Static N-dimensional array

Static N-dimensional arrays can be created using the TNL::Containers::StaticNDArray class. It has the same base class as TNL::Containers::NDArray, but it exposes different template parameters and uses TNL::Containers::StaticArray instead of TNL::Containers::Array for the underlying storage. Hence, there is no allocator (the array lives on the stack) and the device is always TNL::Devices::Sequential.

Static sizes are specified as positive integers in the sequence passed to TNL::Containers::SizesHolder.
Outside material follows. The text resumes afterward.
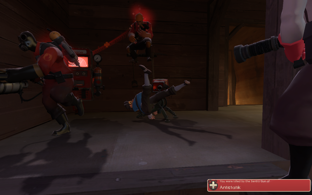 Демоман под тяжэстью своей пушки упал и ноги поломал УЖАС

For example, to create a static row-major \( 3 \times 4 \) array:

using StaticRowMajorArray = StaticNDArray< int, // Value

SizesHolder< int, 3, 4 >, // SizesHolder

std::index_sequence< 0, 1 >, // Permutation

StaticRowMajorArray a;

TNL::Containers::StaticNDArray

Static N-dimensional array.

Definition NDArray.h:634

std::index_sequence

As it is a static array, the setSizes method is not called and the elements can be accessed using operator().

Note that static and dynamic sizes can be combined. For example, we may want to create a 2D array which has a constant size of 3 rows, but the number of columns is a priori unknown and has to be set at run-time. This can be achieved using TNL::Containers::NDArray as follows:

#include <TNL/Containers/NDArray.h>
 
using namespace TNL::Containers;
 
int
main()
{
   // compile-time constant number of rows
   constexpr int num_rows = 3;
 
   // dynamic (run-time specified) number of columns
   int num_cols = 10;
 
   using HalfStaticArray = NDArray< int,                              // Value
                                    SizesHolder< int, num_rows, 0 >,  // SizesHolder
                                    std::index_sequence< 0, 1 >,      // Permutation
                                    TNL::Devices::Host >;             // Device
   HalfStaticArray a;
 
   // set array sizes: statically-sized axes must have 0
   a.setSizes( 0, num_cols );
 
   int value = 0;
   for( int i = 0; i < num_rows; i++ )
      for( int j = 0; j < num_cols; j++ )
         a( i, j ) = value++;
 
   std::cout << "a = " << a.getStorageArray() << std::endl;
}

Notice that the SizesHolder<...> specification contains positive values for static sizes and zeros for dynamic sizes, whereas the setSizes(...) call has zeros for static sizes and positive values for dynamic sizes.

Output:

a = [ 0, 1, 2, 3, 4, 5, 6, 7, 8, 9, 10, 11, 12, 13, 14, 15, 16, 17, 18, 19, 20, 21, 22, 23, 24, 25, 26, 27, 28, 29 ]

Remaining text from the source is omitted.